From the listing below, retype exactly the line holding "CHALDINは30日までの営業となっております🌟", the line holding "該工程應(yīng)用了國內", and the lines between them; skip everything else.
** INPUT follows **
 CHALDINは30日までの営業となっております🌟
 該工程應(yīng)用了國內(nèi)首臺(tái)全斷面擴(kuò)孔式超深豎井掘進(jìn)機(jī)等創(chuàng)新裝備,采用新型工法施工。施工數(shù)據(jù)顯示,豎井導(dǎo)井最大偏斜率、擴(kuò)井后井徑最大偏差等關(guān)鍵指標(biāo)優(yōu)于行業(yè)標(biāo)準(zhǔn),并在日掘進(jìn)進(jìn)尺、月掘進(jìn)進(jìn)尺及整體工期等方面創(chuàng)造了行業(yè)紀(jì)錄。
** End of INPUT **
** INPUT follows **
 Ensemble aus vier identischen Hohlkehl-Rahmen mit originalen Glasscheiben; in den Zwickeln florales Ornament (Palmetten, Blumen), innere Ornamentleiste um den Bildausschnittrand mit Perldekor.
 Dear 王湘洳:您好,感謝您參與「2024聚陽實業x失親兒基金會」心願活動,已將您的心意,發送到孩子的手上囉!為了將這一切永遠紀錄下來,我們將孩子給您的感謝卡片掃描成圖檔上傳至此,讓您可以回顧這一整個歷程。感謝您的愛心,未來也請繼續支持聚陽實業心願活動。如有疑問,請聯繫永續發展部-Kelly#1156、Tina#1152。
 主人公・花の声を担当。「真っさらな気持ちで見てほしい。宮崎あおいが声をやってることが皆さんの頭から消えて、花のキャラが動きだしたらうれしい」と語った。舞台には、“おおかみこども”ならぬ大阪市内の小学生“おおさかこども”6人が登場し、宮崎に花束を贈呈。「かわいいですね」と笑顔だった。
** End of INPUT **
** INPUT follows **
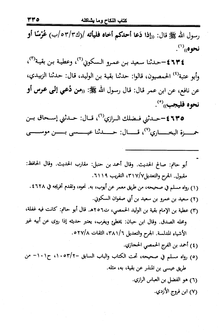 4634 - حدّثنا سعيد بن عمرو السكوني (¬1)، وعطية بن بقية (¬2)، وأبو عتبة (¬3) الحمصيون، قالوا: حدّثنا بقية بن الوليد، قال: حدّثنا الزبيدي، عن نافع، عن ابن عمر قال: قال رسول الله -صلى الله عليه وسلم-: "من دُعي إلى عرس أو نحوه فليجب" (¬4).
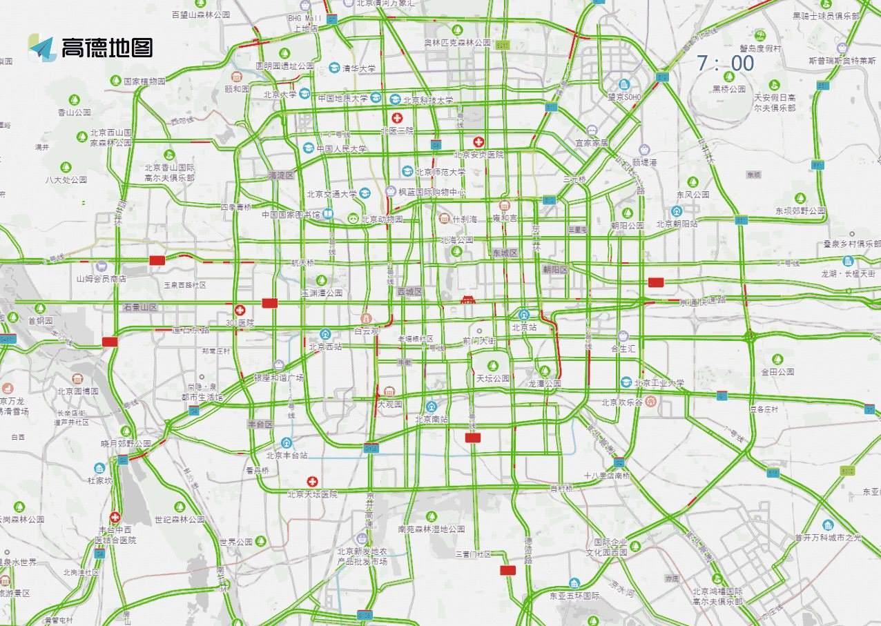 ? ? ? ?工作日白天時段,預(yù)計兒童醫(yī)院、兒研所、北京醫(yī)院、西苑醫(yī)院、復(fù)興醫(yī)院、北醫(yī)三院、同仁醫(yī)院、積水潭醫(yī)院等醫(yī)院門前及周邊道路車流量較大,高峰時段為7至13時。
** End of INPUT **
## RESULT OF THE TASK
 CHALDINは30日までの営業となっております🌟
 該工程應(yīng)用了國內(nèi)首臺(tái)全斷面擴(kuò)孔式超深豎井掘進(jìn)機(jī)等創(chuàng)新裝備,采用新型工法施工。施工數(shù)據(jù)顯示,豎井導(dǎo)井最大偏斜率、擴(kuò)井后井徑最大偏差等關(guān)鍵指標(biāo)優(yōu)于行業(yè)標(biāo)準(zhǔn),并在日掘進(jìn)進(jìn)尺、月掘進(jìn)進(jìn)尺及整體工期等方面創(chuàng)造了行業(yè)紀(jì)錄。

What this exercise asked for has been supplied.